Balikpapan bagaimanapun juga tidak semata-mata tentang minyak bumi saja! Jika Anda tertarik dengan ekowisata, Anda dapat menjelajahi hutan konservasi yang luas nan hijau, di mana hewan yang dilindungi, seperti Beruang Madu (yang merupakan maskot Balikpapan), Bekantan (monyet berhidung panjang) dan Orang Utan dapat dilihat. Baca di halaman hutan “Wain River”, hutan mangrove Margo Mulyo, dan hutan Karang Joang untuk informasi lebih lanjut.

Jika ketenangan di pantai pasir putih dengan air yang berkilau merupakan yang Anda cari, pantai Balikpapan mungkin adalah tempat yang tepat untuk Anda. Pantai Manggar Segar Sari adalah salah satu pantai populer bagi warga lokal dan layak dikunjungi (terletak sekitar 22 kilometer dari pusat kota).

Juga tidak ketinggalan untuk para pecinta hidangan laut. Kota lepas pantai ini juga terkenal dengan deretan restoran masakan lautnya (seafood).
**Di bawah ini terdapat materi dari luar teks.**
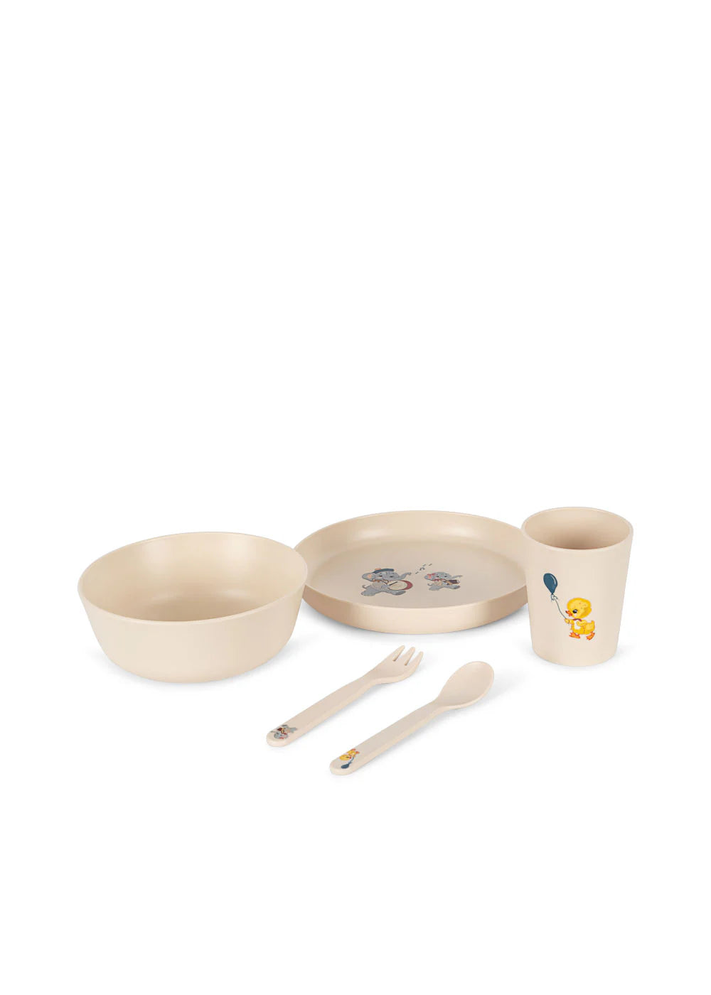 Essensset für kleine Mahlzeiten. Beinhaltet einen Teller, eine Schüssel, einen Becher und Besteck.
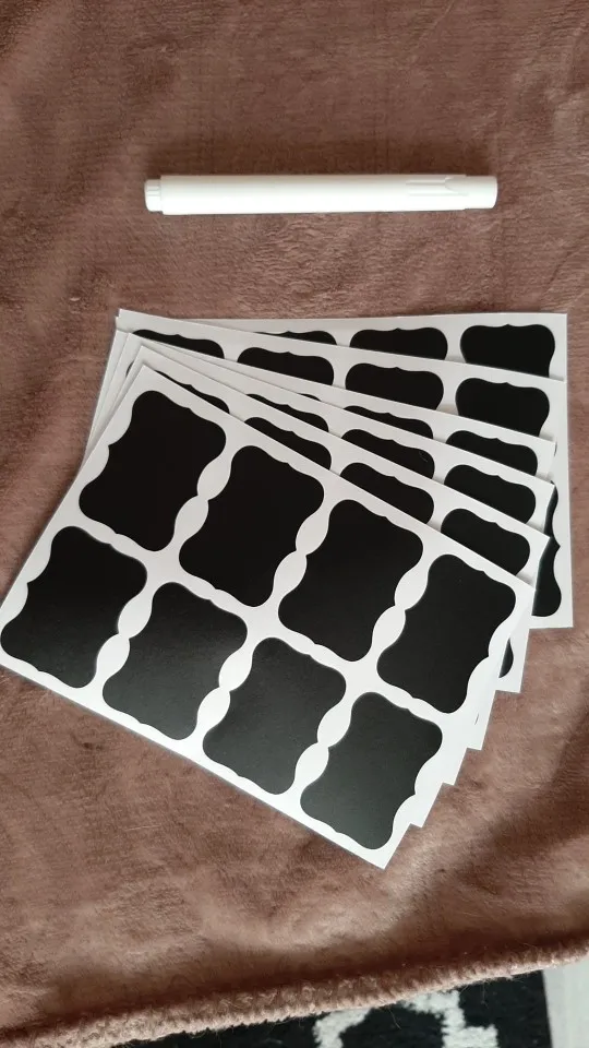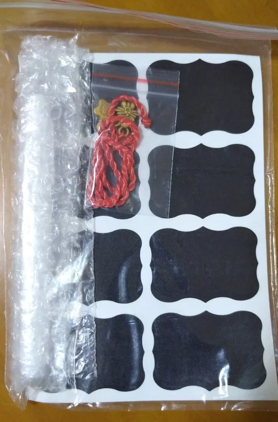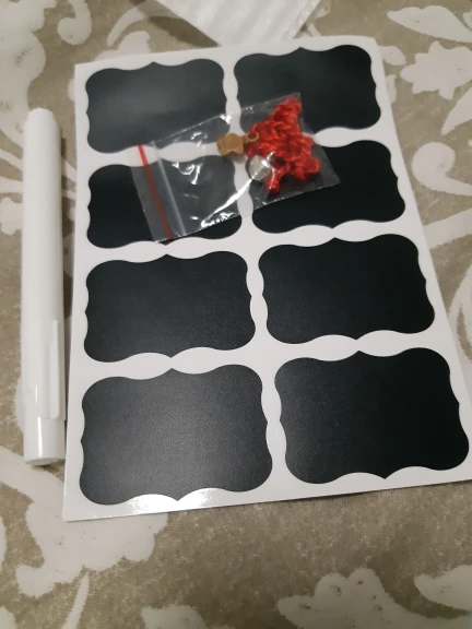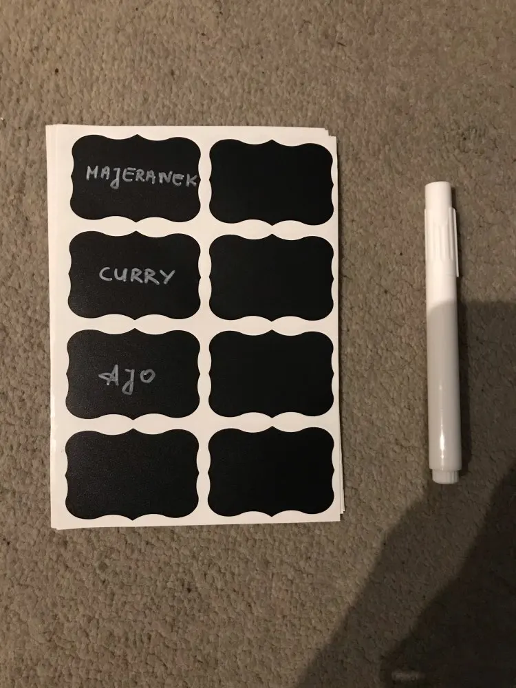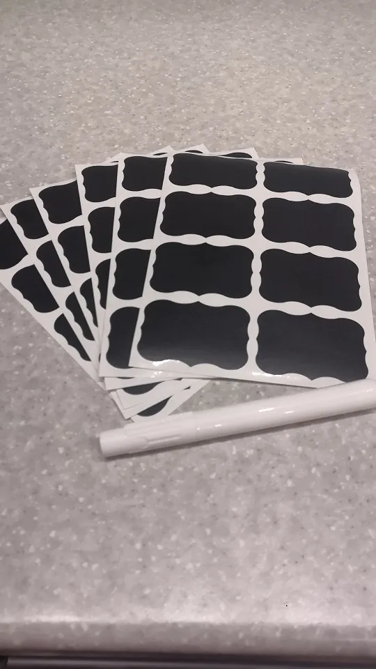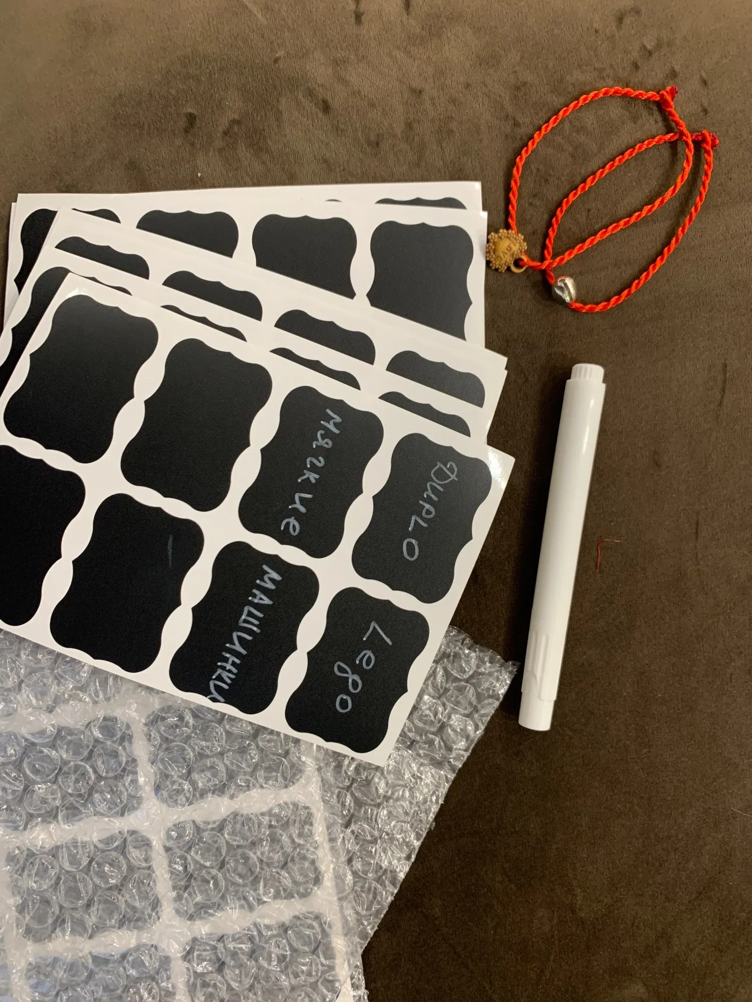 Пришло быстро, упаковка нормальная. Фломастер маленький. Этикетки симпатичные, матово-черные. По идее, надписи должны смываться для повторного использования банки, но это я пока не пробовал.

Ragam menu seperti kepiting, udang dan ikan segar ditawarkan dengan bermacam bumbu lokal, seperti asam-manis, asam- pedas, lada hitam, “nelayan” atau rujak, dan sebagainya. Juga jangan dilewatkan ikan gurame goreng atau kepiting lumpur mereka.


...kehidupan masyarakat di Balikpapan, Suku Dayak, “desa terapung”...


Dibalik sejarah singkat Balikpapan, beberapa tempat budaya di kota ini layak untuk dikunjungi, misalnya menjelajahi Kampung Baru, yang merupakan sebuah desa terapung, mengunjungi museum Tanjung Pura (banyak mempertunjukkan persenjataan Perang Dunia II) atau menyaksikan pertunjukkan budaya suku Dayak, dan sebagainya.

Saat ini, Balikpapan dihuni oleh sekitar 530.000 penduduk yang merupakan campuran antara warga Indonesia dan warga asing yang umumnya bekerja di industri perminyakan dan kebanyakan berasal dari Amerika, Perancis dan Australia. Hal ini membuat Balikpapan cukup kosmopilit dengan beragam sarana kegiatan wisata, seperti pusat perbelanjaan, fasilitas kebugaran, restoran dan pub, atau mungkin wisata pantai hingga kemah di tengah hutan, Balikpapan memiliki semua itu.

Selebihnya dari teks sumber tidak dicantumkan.